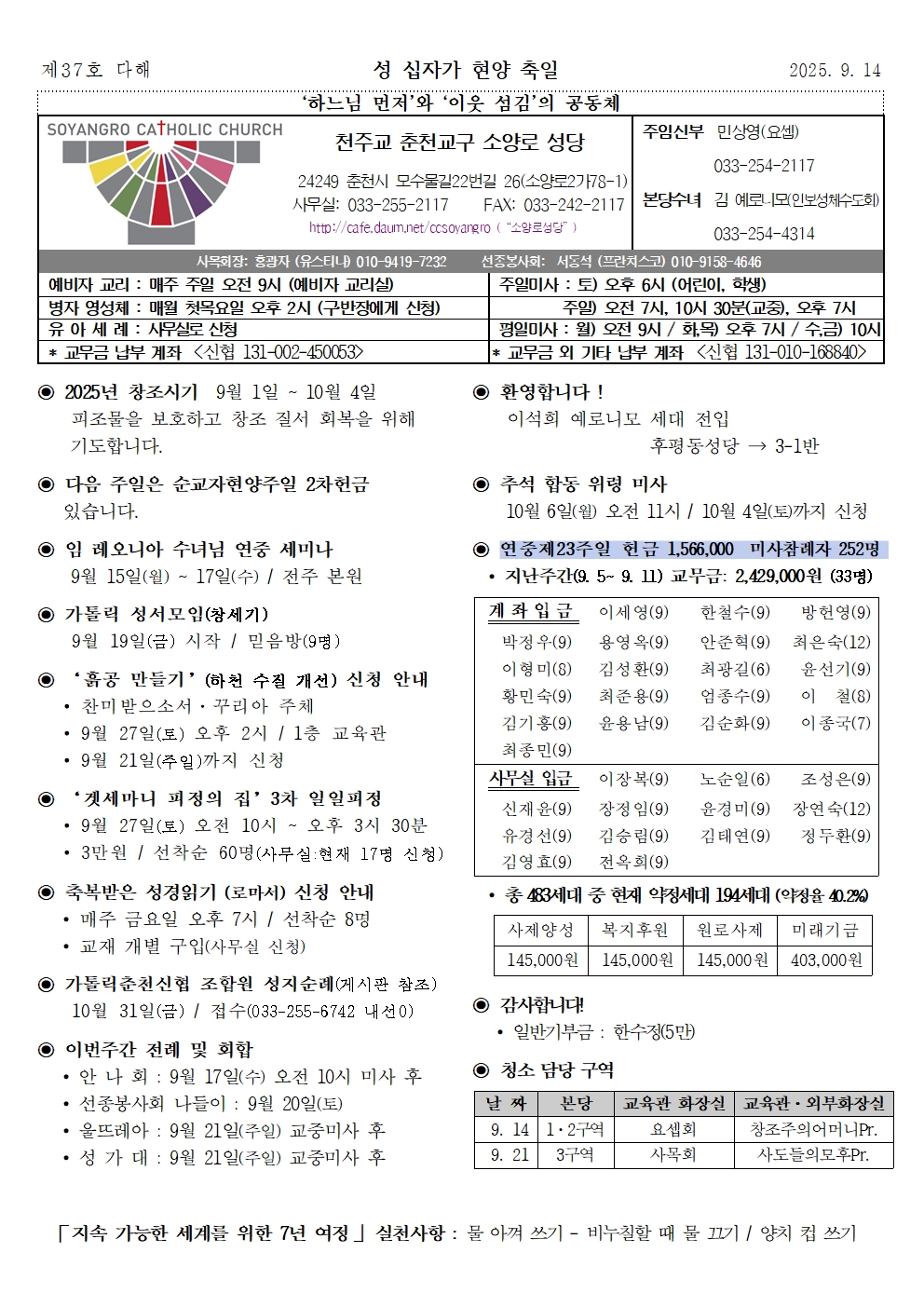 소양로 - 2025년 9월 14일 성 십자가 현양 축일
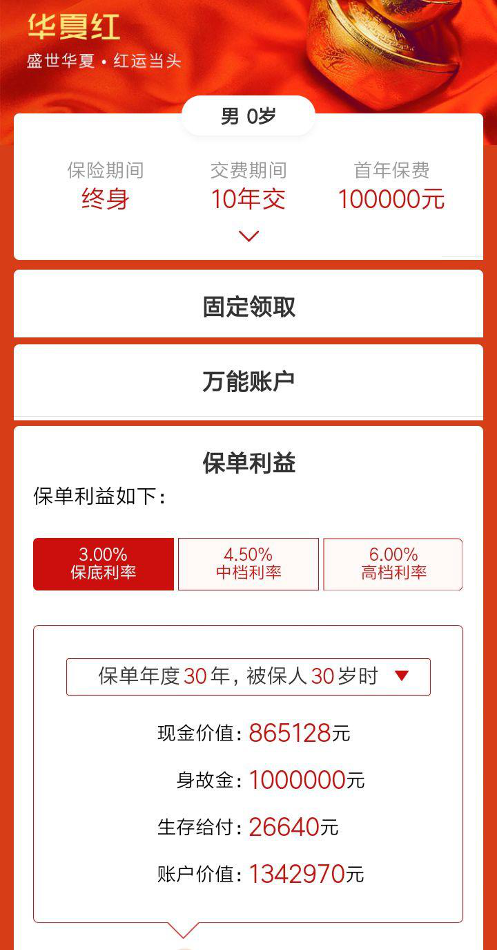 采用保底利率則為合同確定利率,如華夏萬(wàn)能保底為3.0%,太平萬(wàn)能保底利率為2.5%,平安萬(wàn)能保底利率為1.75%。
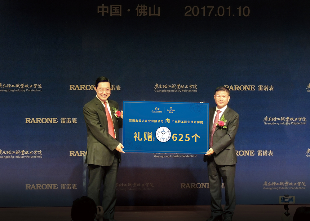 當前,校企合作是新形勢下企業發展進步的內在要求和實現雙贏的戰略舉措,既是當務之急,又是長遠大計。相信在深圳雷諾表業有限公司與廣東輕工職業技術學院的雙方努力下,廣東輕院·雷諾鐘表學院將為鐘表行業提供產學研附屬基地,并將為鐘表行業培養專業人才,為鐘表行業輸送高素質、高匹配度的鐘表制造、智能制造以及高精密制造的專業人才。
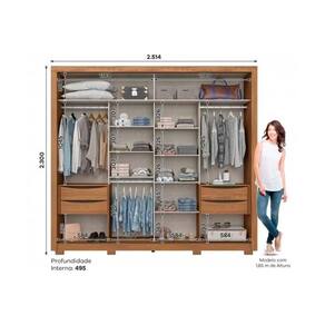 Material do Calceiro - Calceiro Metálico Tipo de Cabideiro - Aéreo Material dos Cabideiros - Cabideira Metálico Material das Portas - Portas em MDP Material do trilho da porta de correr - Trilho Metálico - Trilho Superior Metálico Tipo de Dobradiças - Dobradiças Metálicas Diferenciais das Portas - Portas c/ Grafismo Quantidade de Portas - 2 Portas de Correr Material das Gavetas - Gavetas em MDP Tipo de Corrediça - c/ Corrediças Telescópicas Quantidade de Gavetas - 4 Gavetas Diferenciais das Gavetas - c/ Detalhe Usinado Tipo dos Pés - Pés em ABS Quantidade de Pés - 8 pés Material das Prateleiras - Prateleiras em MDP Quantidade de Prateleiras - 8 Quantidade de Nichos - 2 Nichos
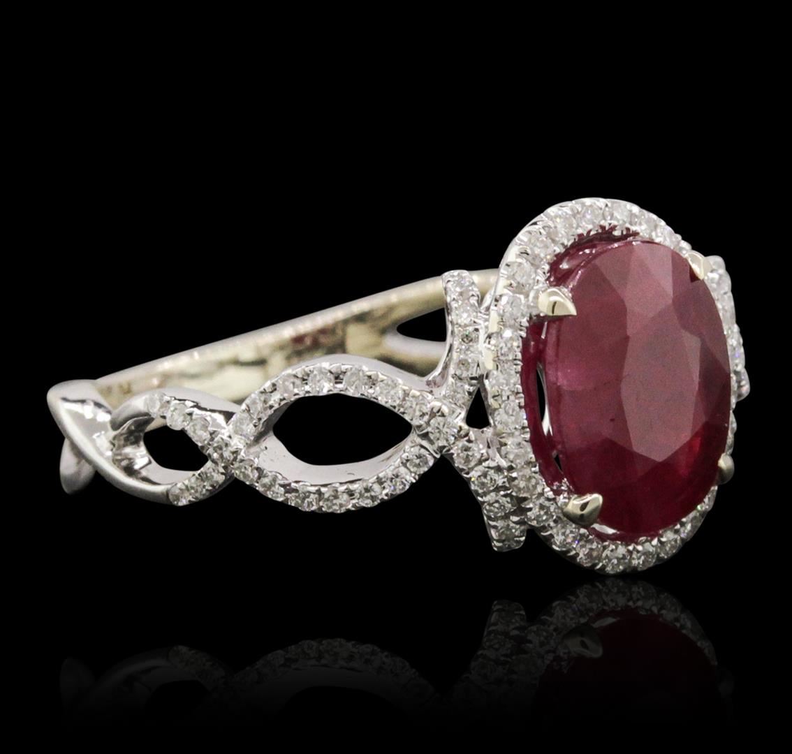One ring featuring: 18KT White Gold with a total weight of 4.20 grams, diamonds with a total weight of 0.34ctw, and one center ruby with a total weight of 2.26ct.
※ ※ ※
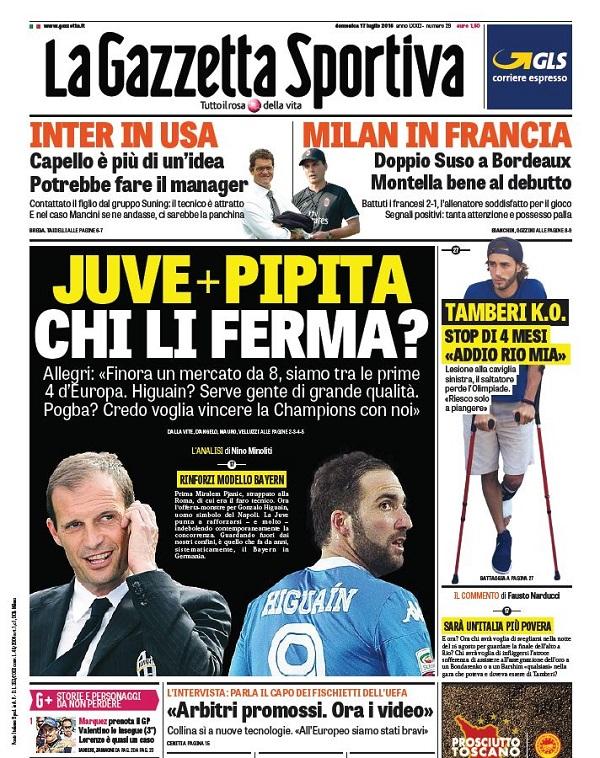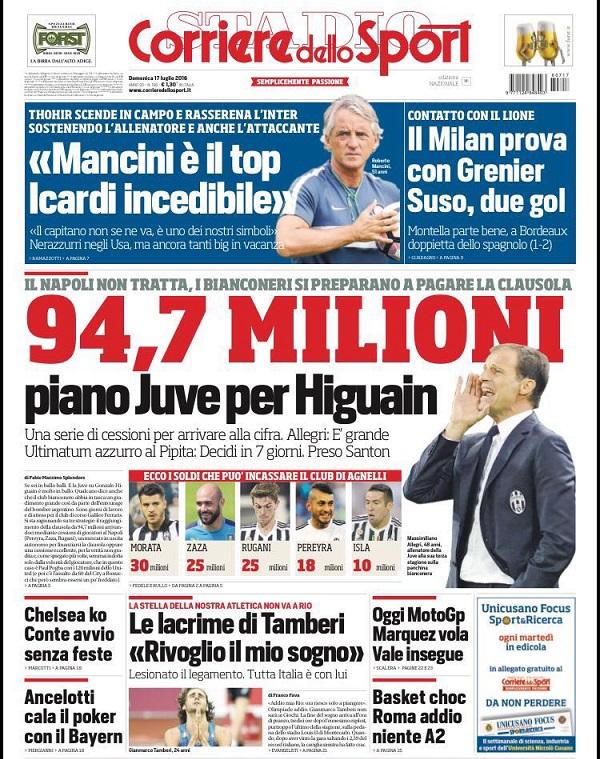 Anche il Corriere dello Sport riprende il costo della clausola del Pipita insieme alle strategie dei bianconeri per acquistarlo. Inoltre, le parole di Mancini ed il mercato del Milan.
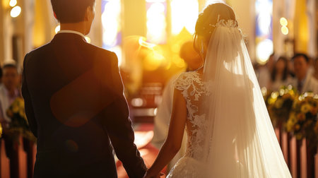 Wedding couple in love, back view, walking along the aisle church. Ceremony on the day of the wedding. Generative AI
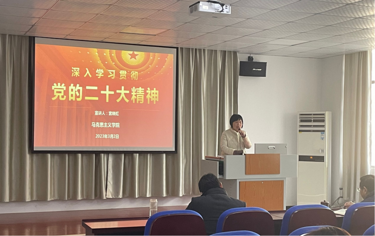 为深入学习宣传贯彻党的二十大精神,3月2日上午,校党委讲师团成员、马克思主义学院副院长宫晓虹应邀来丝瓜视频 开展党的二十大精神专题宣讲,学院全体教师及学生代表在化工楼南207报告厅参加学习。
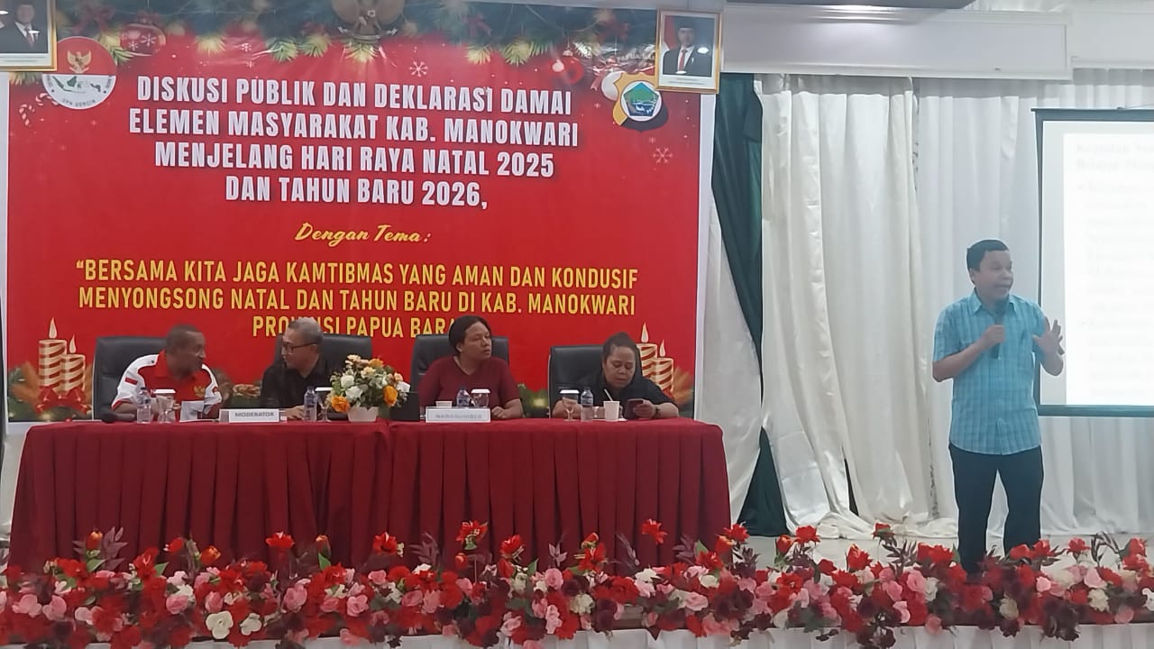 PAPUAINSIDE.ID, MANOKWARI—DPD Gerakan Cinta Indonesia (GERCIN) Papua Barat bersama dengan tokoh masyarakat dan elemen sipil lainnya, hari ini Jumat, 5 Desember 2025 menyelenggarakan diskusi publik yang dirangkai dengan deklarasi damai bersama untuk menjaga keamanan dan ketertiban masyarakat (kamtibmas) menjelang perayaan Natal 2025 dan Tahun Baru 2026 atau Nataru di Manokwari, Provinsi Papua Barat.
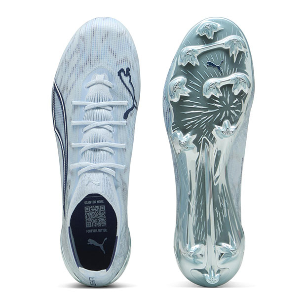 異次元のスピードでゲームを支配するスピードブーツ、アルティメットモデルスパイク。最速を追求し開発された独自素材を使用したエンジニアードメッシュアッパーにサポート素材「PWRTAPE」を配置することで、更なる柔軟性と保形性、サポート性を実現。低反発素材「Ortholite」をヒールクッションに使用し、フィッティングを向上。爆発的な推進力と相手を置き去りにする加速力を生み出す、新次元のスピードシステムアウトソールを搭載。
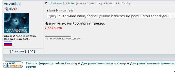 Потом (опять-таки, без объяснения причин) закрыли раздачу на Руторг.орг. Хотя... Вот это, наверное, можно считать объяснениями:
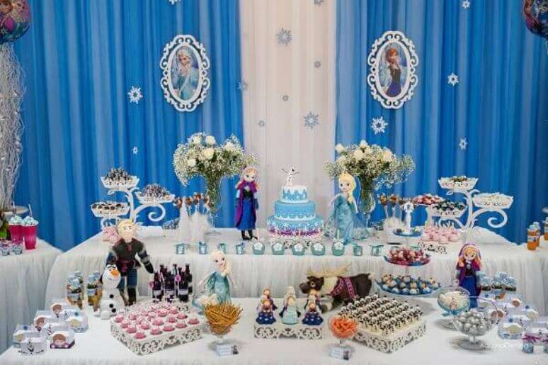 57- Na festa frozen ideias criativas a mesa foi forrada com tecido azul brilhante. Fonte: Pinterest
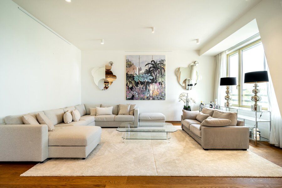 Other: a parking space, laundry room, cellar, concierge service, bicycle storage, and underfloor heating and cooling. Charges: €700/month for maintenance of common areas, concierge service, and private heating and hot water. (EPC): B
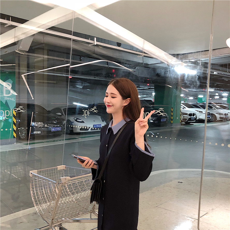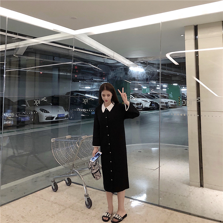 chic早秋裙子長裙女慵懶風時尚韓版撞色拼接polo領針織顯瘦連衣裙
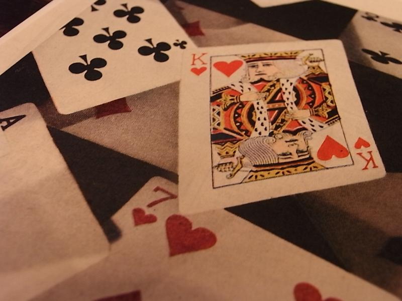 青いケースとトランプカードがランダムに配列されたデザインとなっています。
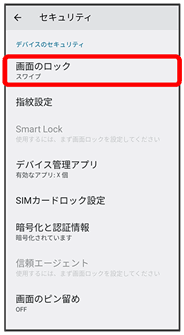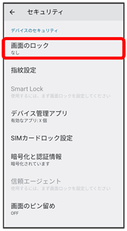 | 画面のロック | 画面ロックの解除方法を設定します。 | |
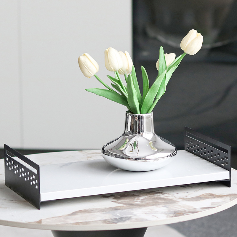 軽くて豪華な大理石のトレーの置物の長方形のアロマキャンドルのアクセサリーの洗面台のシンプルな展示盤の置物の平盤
※ ※ ※
Out of the records above, please copy exactly the lines from the line with "chic早秋裙子長裙女慵懶風時尚韓版撞色拼接polo領針織顯瘦連衣裙" up to and including the line with "軽くて豪華な大理石のトレーの", minus the pictures.

 chic早秋裙子長裙女慵懶風時尚韓版撞色拼接polo領針織顯瘦連衣裙
 青いケースとトランプカードがランダムに配列されたデザインとなっています。
 | 画面のロック | 画面ロックの解除方法を設定します。 | |
 軽くて豪華な大理石のトレーの置物の長方形のアロマキャンドルのアクセサリーの洗面台のシンプルな展示盤の置物の平盤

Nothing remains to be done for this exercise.